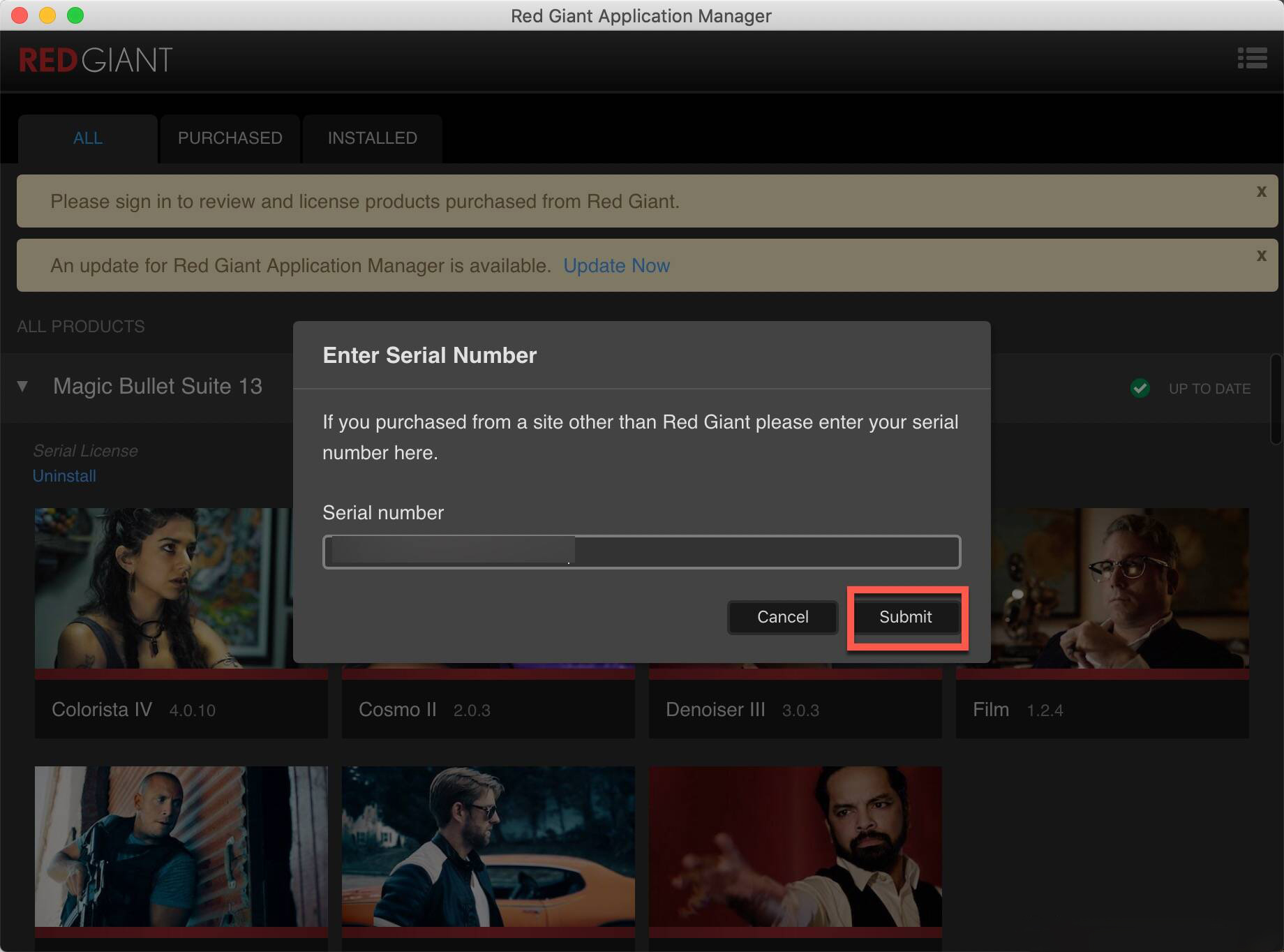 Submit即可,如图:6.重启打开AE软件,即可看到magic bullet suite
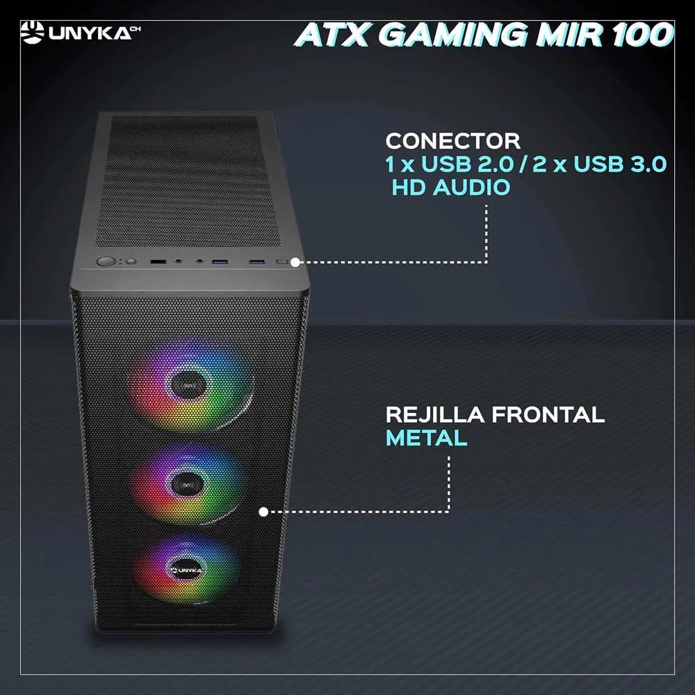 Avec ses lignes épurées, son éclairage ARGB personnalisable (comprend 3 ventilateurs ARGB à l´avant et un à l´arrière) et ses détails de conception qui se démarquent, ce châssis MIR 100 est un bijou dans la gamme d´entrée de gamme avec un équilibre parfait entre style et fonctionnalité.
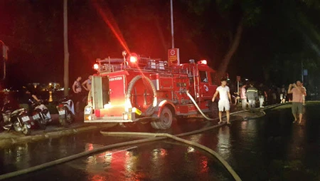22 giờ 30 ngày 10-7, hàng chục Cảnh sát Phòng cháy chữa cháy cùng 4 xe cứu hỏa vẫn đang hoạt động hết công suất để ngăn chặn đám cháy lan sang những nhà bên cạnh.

+++

### [EXERCISE BRIEF]
An image-free, exact version of the listing above is required.

### [TASK RESPONSE]
 Submit即可,如图:6.重启打开AE软件,即可看到magic bullet suite
 Avec ses lignes épurées, son éclairage ARGB personnalisable (comprend 3 ventilateurs ARGB à l´avant et un à l´arrière) et ses détails de conception qui se démarquent, ce châssis MIR 100 est un bijou dans la gamme d´entrée de gamme avec un équilibre parfait entre style et fonctionnalité.
22 giờ 30 ngày 10-7, hàng chục Cảnh sát Phòng cháy chữa cháy cùng 4 xe cứu hỏa vẫn đang hoạt động hết công suất để ngăn chặn đám cháy lan sang những nhà bên cạnh.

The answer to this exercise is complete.